Ору не просто так. Ночью, точнее еще поздним вечером, нас отбомбили. Темнеет-то поздно, вот немчура и воспользовалась случаем вдолбить нас в землю. Самолетов было много, страшно. Вой от летящих бомб ужасный, прячешься, а все равно мысль в голове дурная: «Пробьет потолок или нет?»
Укрылись в подвале дома и сидим, нос не высунуть, а наши танкисты там пытаются фрицев бить. Атака началась утром, а мы после новой бомбежки опять без связи. Радисты скачут как кузнечики по развалинам, ища перебитые провода. Что-то исправят, но тут же появляются новые обрывы.
Вообще меня вся это суета в Воронеже заставила вспомнить историю. Ведь, блин, почти все, как и там или тогда, черт, я уже запутался вконец. Нет, понятно, что планы у немцев прежние, я ж Гитлеру-то не писал. Но наши-то! Постоянные бесконечные атаки одна за другой уносят жизни бойцов тысячами. Понимаю, что нужно, нужно атаковать, раздергивать силы врага, не давать ему перегруппировываться и прочее, но… Особенно прискорбно это для меня, ведь я-то знаю масштабы. Это вон Никоненко у меня воюет как ни в чем не бывало, геройски воюет. Да сейчас все так. А как иначе? Каждый боец отдельно и все вместе знают одно – фашисты пришли убивать и уничтожать всех нас. Всех, малых и старых. С сорок первого уже все, наверное, нагляделись на творения рук гитлеровцев, поэтому никого уговаривать не нужно. Но как же больно это видеть и знать об этом! Да еще и чинуши наши партийные подливают маслица в огонь своей тупостью. Да и командиры, те, что совсем высоко сидят, не лучше. Кидают сюда танковый корпус, а вводят в бой его по частям, еще бы по штуке отправляли, идиоты. Сколько уже парней погибло, сколько техники уничтожили, а все туда же. Я-то понимаю, Москва пытается заставить фрицев увязнуть тут и не дать подкреплений шестой армии, но, черт возьми, как же тяжело быть разменной монетой. И ведь нам тут минимум до января так бодаться с фашистами, то они к нам, то мы к ним.

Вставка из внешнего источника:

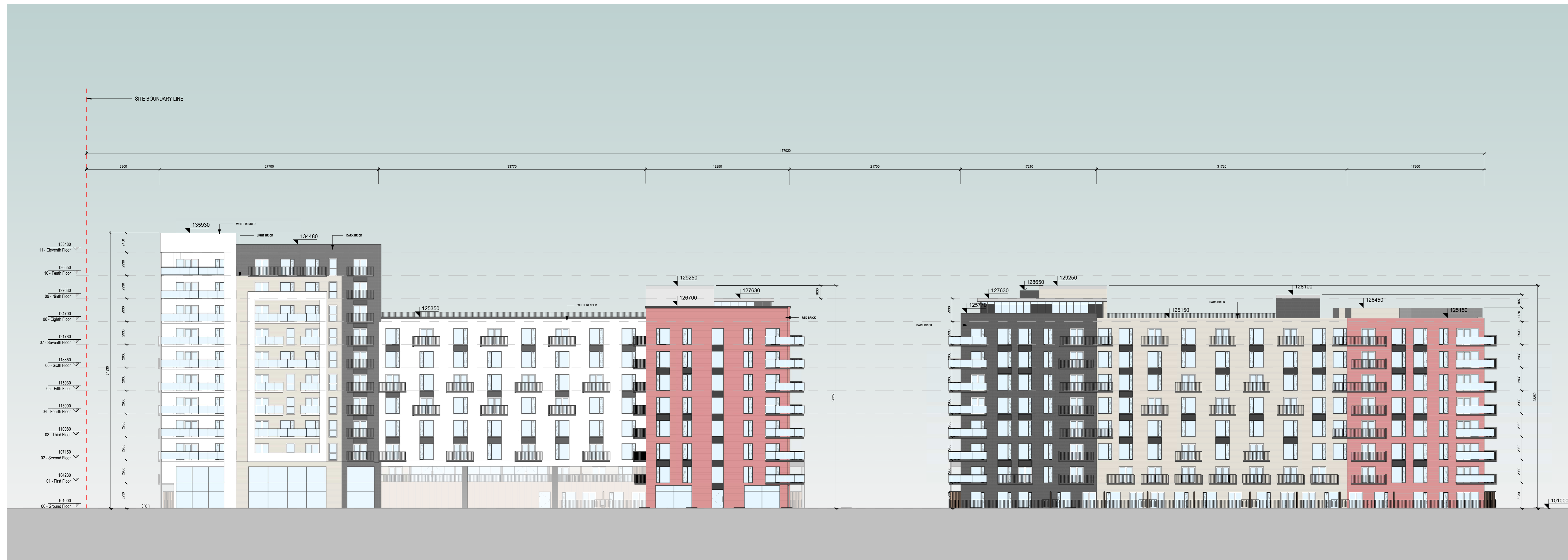
B1 Block B - Elevation B1 1:200

В первых числах августа я попал в задницу. Не себе или кому-то, а вообще. Сначала, как часто бывает, пропала связь с батареей, а через час выяснилось, что ее попросту нет. Во время очередного налета под бомбежкой погибла вся батарея, причем не одна моя, а почти весь дивизион. Орудия в переплавку, люди погибли чуть не все. Я сидел на КП батальона и – нет, плакать не плакал, но очень хотелось. Уже привык к парням, жалко их. Да и самому что теперь делать, ума не приложу. Комбат отправляет в полк, там, дескать, все и объяснят, а я сижу. Но долго так не могло продолжаться, уже через несколько часов меня все же нашли по рации батальона и вызвали в штаб. На передке у меня остались три связиста и четверо разведчиков, с Вадиком вместе. Всех взял с собой, и пошлепали через разрушенный город на КП полка.
В штабе, как всегда, аврал. Долго не принимали, но все же хотя бы песочить не стали, и то хлеб. Здесь оказался командир дивизиона, в который входила моя гаубичная батарея, так он даже пожалел меня.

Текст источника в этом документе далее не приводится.